The dissent fully develops this understanding of the original congressional intent, and the majority acknowledges "the accuracy of the dissent's recitation of the legislative history of the 1976 Act."
Here is the puzzle: All three judges agreed that Congress intended the oyster farm to be compatible with wilderness. And yet two of them upheld the secretary's decision to close down the oyster farm based on his misunderstanding that Congress supposedly thought the oyster farm to be incompatible with wilderness.
How could that happen?
First, the majority thought that the secretary's decision did not have to pay attention to congressional intent because of recent special legislation regarding the Drakes Bay oyster case. And second, since (former) counsel for the oyster farm shared the secretary's misunderstanding, the oysters-in-the-wilderness approach was never properly presented and did not really need to be considered.

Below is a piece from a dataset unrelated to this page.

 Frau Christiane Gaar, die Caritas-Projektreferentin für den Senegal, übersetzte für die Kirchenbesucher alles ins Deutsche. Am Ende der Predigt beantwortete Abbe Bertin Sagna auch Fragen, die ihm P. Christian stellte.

The dissent disagreed and attributed the misunderstanding to the secretary's legal counsel.
How pristine does wilderness need to be?
In the 2010 Wilderness Watch case, the Ninth Circuit rejected a narrow understanding of the Wilderness Act, one that would preserve the wilderness in a museum diorama, one that we might observe only from a safe distance, behind a brass railing and a thick glass window.
Rather, it is the act's intent to assure that the wilderness be preserved as wilderness and made accessible to people, "devoted to the public purposes of recreational, scenic, scientific, educational, conservation and historical use."

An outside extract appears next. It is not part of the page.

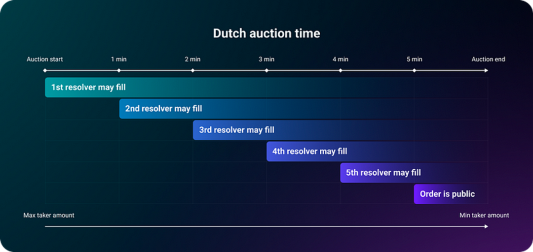 - 1inch fusion:随时间增加 resolver 的数量,同时价格衰减。

Although the Wilderness Act generally precludes commercial activities, it specifically allows for the continuation of animal grazing rights that pre-existed the wilderness designation (and, I would argue, for bivalve as well as bovine grazing).
Given this provision and the continuation of grazing within the Point Reyes National Seashore, it is no surprise that in 1976 Congress expected the oyster farm to remain in operation.

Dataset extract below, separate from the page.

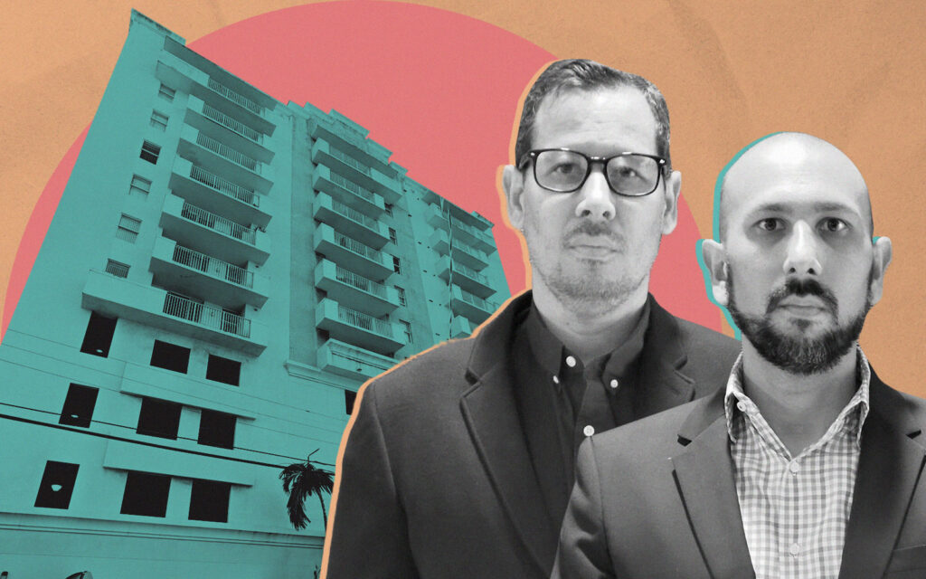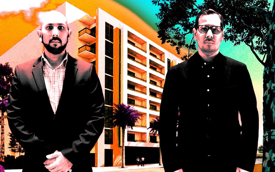 A photo illustration of Eco Stone principals Juan Gomez (right) and Javier Gomez (left) along with a rendering of Eco Landing at 1515 Northwest 18th Street (Eco Stone Group)

The Drakes Bay oyster farm case was not fully developed when presented to the district court and court of appeals. I hope that the Court of Appeals allows it to develop properly by granting the request for an en banc rehearing.
On a more personal level, a rehearing could also permit the correction of an odd misunderstanding at the beginning of the opinion:
"This appeal ... pits an oyster farm, oyster lovers and well-known 'foodies' against environmentalists aligned with the federal government."
If we have learned anything at all from the public debate over this matter, it is that there are "environmentalists" on both sides.
Certainly those of us who support sustainable agriculture (a "conservation use" of the seashore) see it as an environmentalist cause.
It would be helpful for the court to acknowledge that fact.
Jim Linford of Marinwood is a semi-retired appellate attorney and an active member of the California Bar.